» The task
Down to the last line, print the entries below exactly, and keep every picture out of the copy.

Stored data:
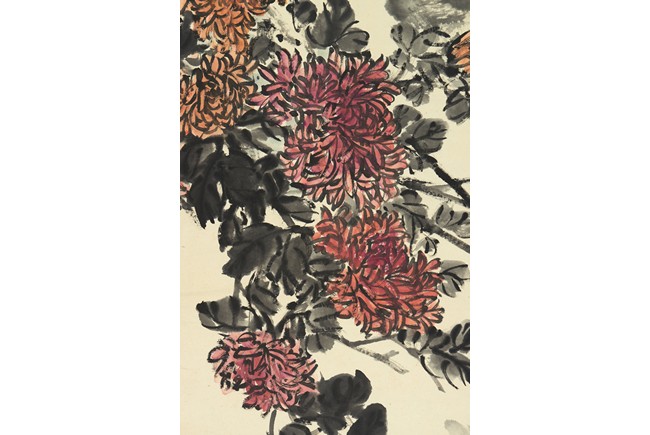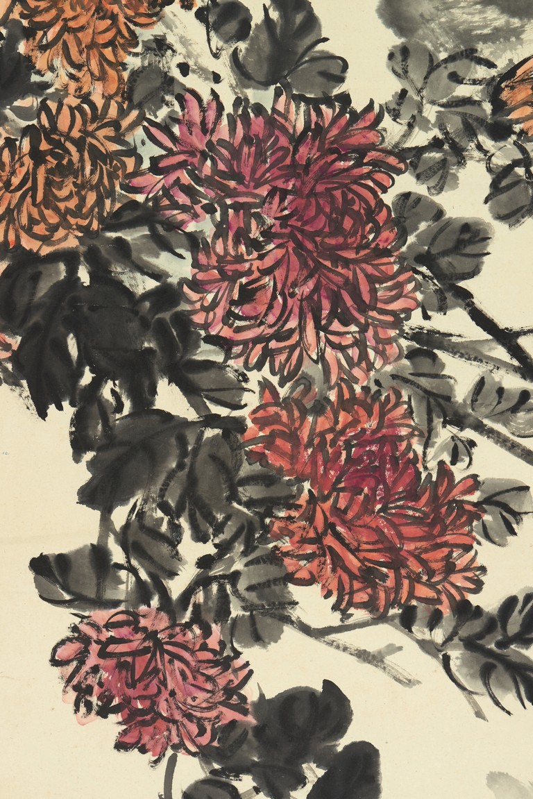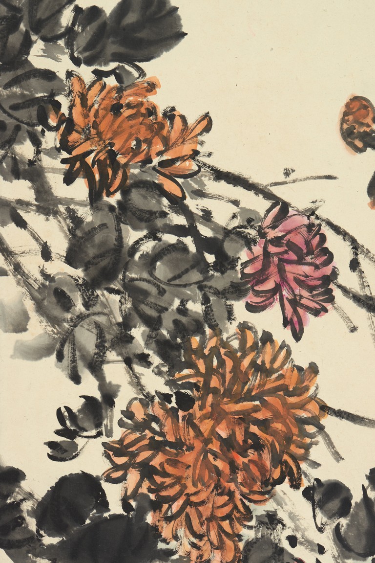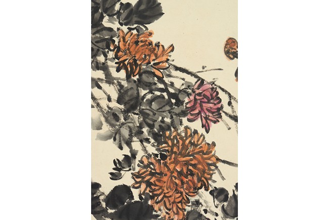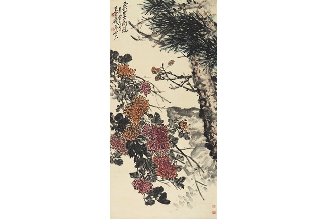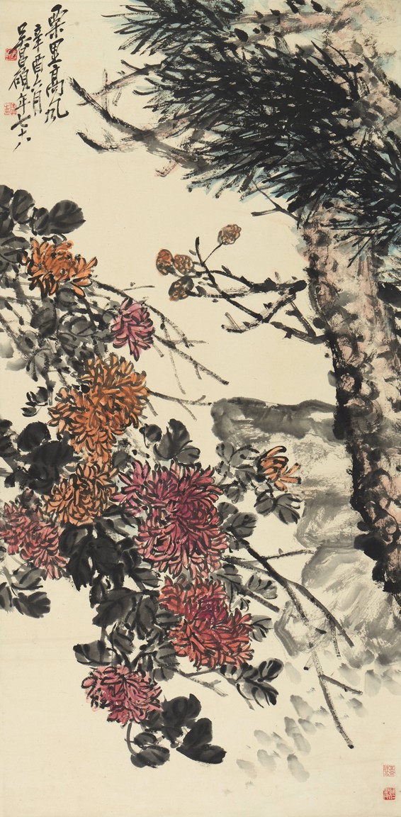 Ink and color on paper. Chrysanthemum. Signed Wu Changshuo and with four seals of the artist.
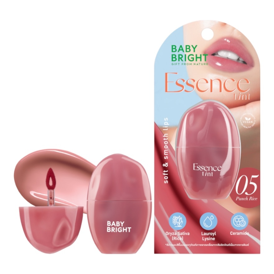 เติมความชุ่มชื้นให้ริมฝีปากอวบอิ่ม วาวสวยดูสุขภาพดีด้วยเบบี้ไบร์ท เอสเซนส์ทินท์ ลิปทินท์เนื้อฉ่ำวาว สัมผัสเนียนนุ่ม บางเบาไม่หนักปาก พร้อมเสริมคุณค่าสูตรวีแกน 100 ด้วยสารสกัดจากน้ำมันรำข้าว (Oryza Sativa (Rice) Bran Oil) และสารสกัดจากกรดมะพร้าวธรรมชาติ CAPRYLIC/CAPRIC TRIGLYCERIDE ผสานเข้ากับสารสกัดจากยีสต์ที่ได้จากการหมัก (Saccharomyces Ferment) รวมถึงอนุพันธ์ของกรดอะมิโน (Lauroyl Lysine) ที่ช่วยเติมความชุ่มชื้นให้ริมฝีปากเนียนนุ่ม ลดเลือนริ้วรอยร่องปากให้ตื้นขึ้น ทั้งยังมีเซราไมด์ (Ceramide) ช่วยคงความชุ่มชื้น ฟื้นบำรุงริมฝีปากที่แห้งแตกให้กลับมาชุ่มชื้นเรียบเนียน เพิ่มการบำรุงด้วยวิตามินอี (Tocopherol) ที่มีสารแอนตี้ออกซิแดนท์ ช่วยบำรุงและเติมความชุ่มชื้น ให้ฟินิชลุคริมฝีปาก พวงแก้ม และเปลือกตาสดใส เปล่งปลั่ง ดูสุขภาพดีอย่างเป็นธรรมชาติ ปราศจากพาราเบน
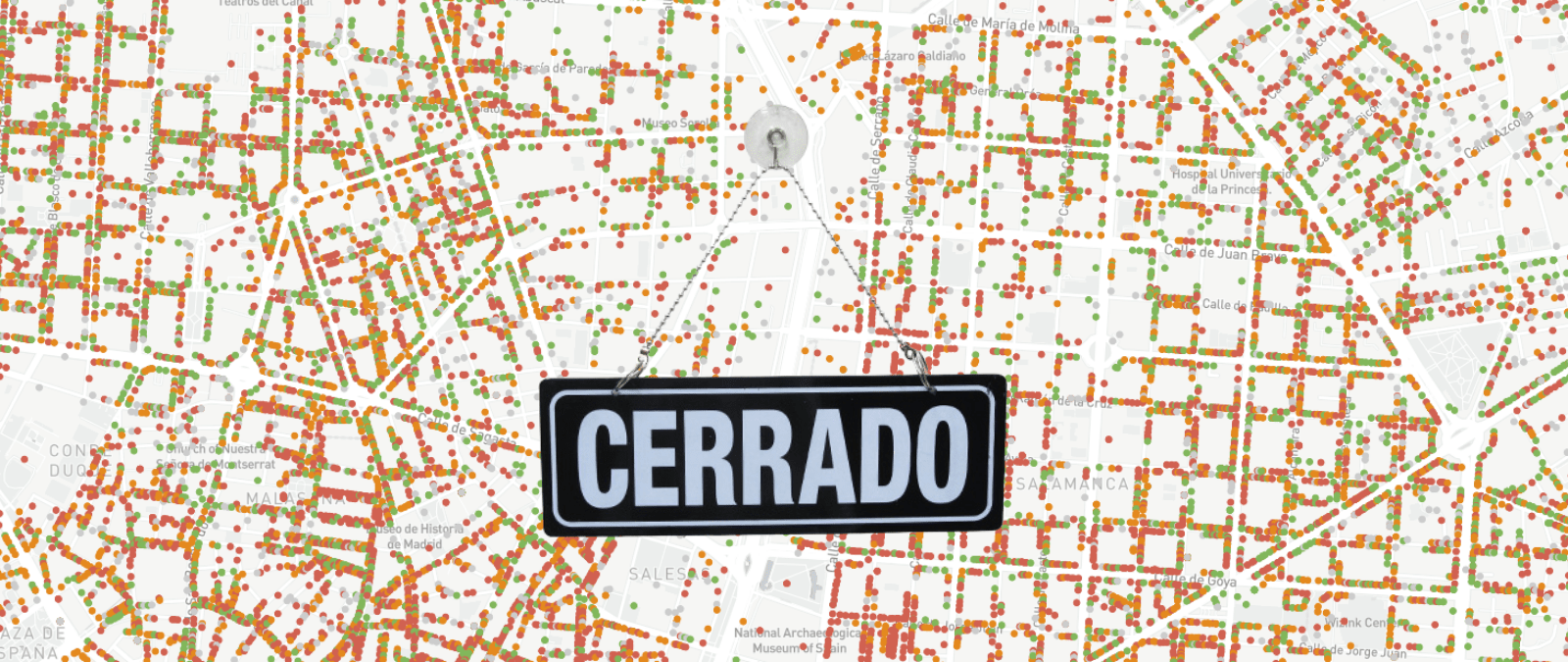 Hemos filtrado la base de datos del censo de locales de Madrid a febrero de 2020. Solo hemos seleccionado aquellos que están abiertos actualmente y aquellos cuyo epígrafe de actividad es distinto de “Sin actividad”. Puedes consultar la clasificación de epígrafes de actividad que hemos realizado aquí.
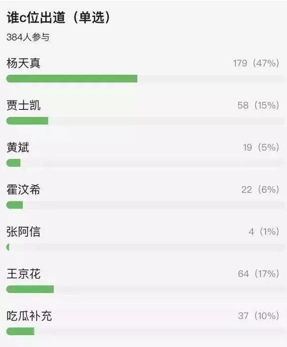 豆瓣曾经组织过一次投票,杨天真以47%的支持率力压前内地第一经纪人王京花和香港著名经纪人霍汶希,成为网友心中C位出道的王牌。
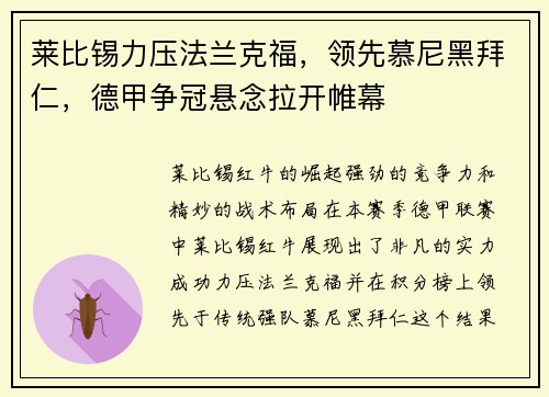 在本赛季德甲联赛中,莱比锡红牛展现出了非凡的实力,成功力压法兰克福,并在积分榜上领先于传统强队慕尼黑拜仁。这个结果无疑引起了广大球迷和媒体的高度关注,也让德甲争冠的悬念变得更加扑朔迷离。莱比锡红牛是如何在这个竞争激烈的联赛中脱颖而出的呢?
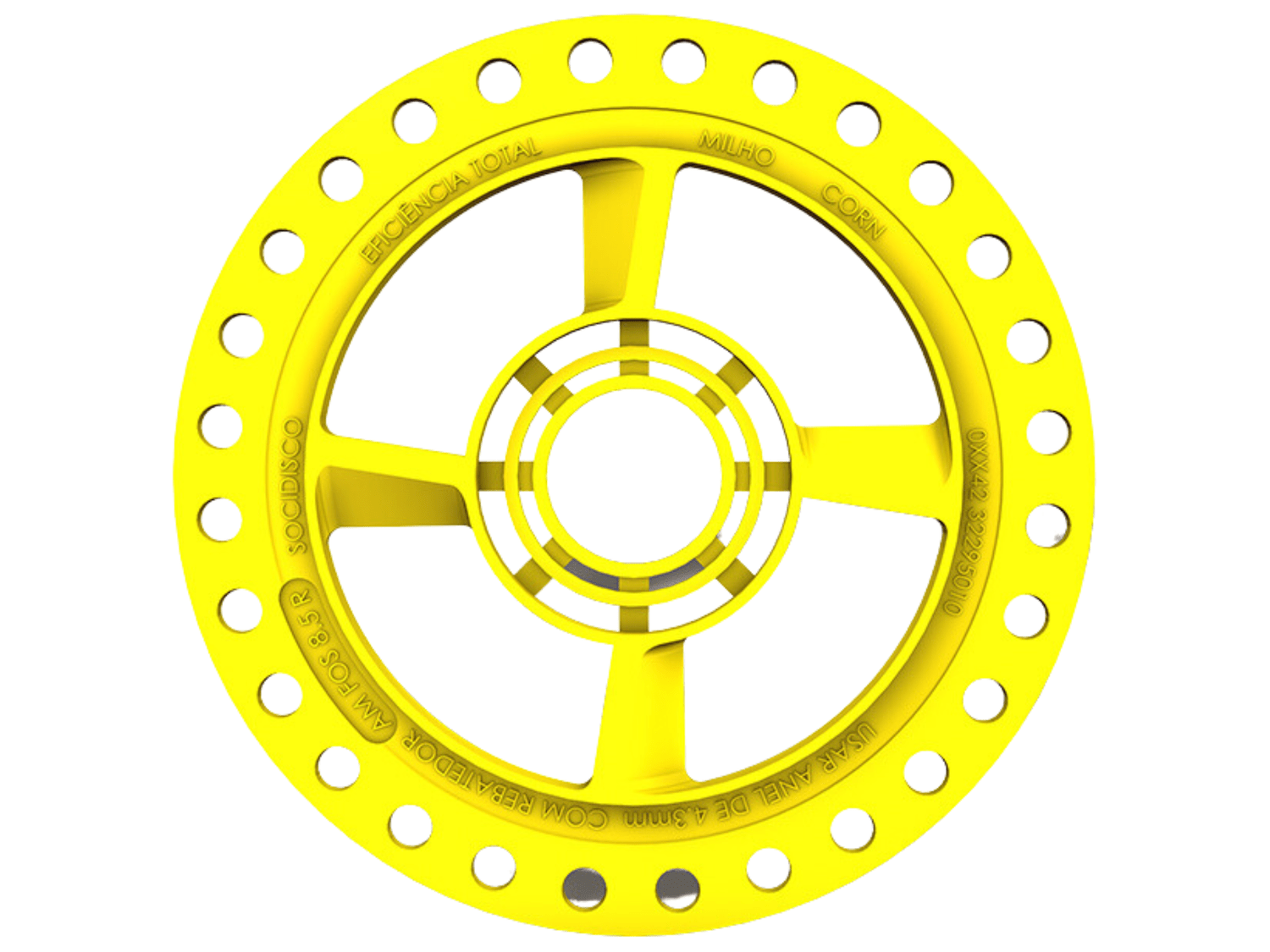 Os discos e anéis Socidisco de modelo eficiência total tem a utilidade de diminuir a perda de sementes. Onde graças a sua tecnologia que vem com um desenho revolucionário com onda e rebatedor no anel de milho, este produto dá um aproveitamento total das sementes, com zero dupla e zero falha. Garantia: de produtividade e eficiência máxima na hora do plantio. Com a caixinha de sementes, o disco e o anel de milho socidisco, é certeza de qualidade e bom gosto.

» Written solution
 Ink and color on paper. Chrysanthemum. Signed Wu Changshuo and with four seals of the artist.
 เติมความชุ่มชื้นให้ริมฝีปากอวบอิ่ม วาวสวยดูสุขภาพดีด้วยเบบี้ไบร์ท เอสเซนส์ทินท์ ลิปทินท์เนื้อฉ่ำวาว สัมผัสเนียนนุ่ม บางเบาไม่หนักปาก พร้อมเสริมคุณค่าสูตรวีแกน 100 ด้วยสารสกัดจากน้ำมันรำข้าว (Oryza Sativa (Rice) Bran Oil) และสารสกัดจากกรดมะพร้าวธรรมชาติ CAPRYLIC/CAPRIC TRIGLYCERIDE ผสานเข้ากับสารสกัดจากยีสต์ที่ได้จากการหมัก (Saccharomyces Ferment) รวมถึงอนุพันธ์ของกรดอะมิโน (Lauroyl Lysine) ที่ช่วยเติมความชุ่มชื้นให้ริมฝีปากเนียนนุ่ม ลดเลือนริ้วรอยร่องปากให้ตื้นขึ้น ทั้งยังมีเซราไมด์ (Ceramide) ช่วยคงความชุ่มชื้น ฟื้นบำรุงริมฝีปากที่แห้งแตกให้กลับมาชุ่มชื้นเรียบเนียน เพิ่มการบำรุงด้วยวิตามินอี (Tocopherol) ที่มีสารแอนตี้ออกซิแดนท์ ช่วยบำรุงและเติมความชุ่มชื้น ให้ฟินิชลุคริมฝีปาก พวงแก้ม และเปลือกตาสดใส เปล่งปลั่ง ดูสุขภาพดีอย่างเป็นธรรมชาติ ปราศจากพาราเบน
 Hemos filtrado la base de datos del censo de locales de Madrid a febrero de 2020. Solo hemos seleccionado aquellos que están abiertos actualmente y aquellos cuyo epígrafe de actividad es distinto de “Sin actividad”. Puedes consultar la clasificación de epígrafes de actividad que hemos realizado aquí.
 豆瓣曾经组织过一次投票,杨天真以47%的支持率力压前内地第一经纪人王京花和香港著名经纪人霍汶希,成为网友心中C位出道的王牌。
 在本赛季德甲联赛中,莱比锡红牛展现出了非凡的实力,成功力压法兰克福,并在积分榜上领先于传统强队慕尼黑拜仁。这个结果无疑引起了广大球迷和媒体的高度关注,也让德甲争冠的悬念变得更加扑朔迷离。莱比锡红牛是如何在这个竞争激烈的联赛中脱颖而出的呢?
 Os discos e anéis Socidisco de modelo eficiência total tem a utilidade de diminuir a perda de sementes. Onde graças a sua tecnologia que vem com um desenho revolucionário com onda e rebatedor no anel de milho, este produto dá um aproveitamento total das sementes, com zero dupla e zero falha. Garantia: de produtividade e eficiência máxima na hora do plantio. Com a caixinha de sementes, o disco e o anel de milho socidisco, é certeza de qualidade e bom gosto.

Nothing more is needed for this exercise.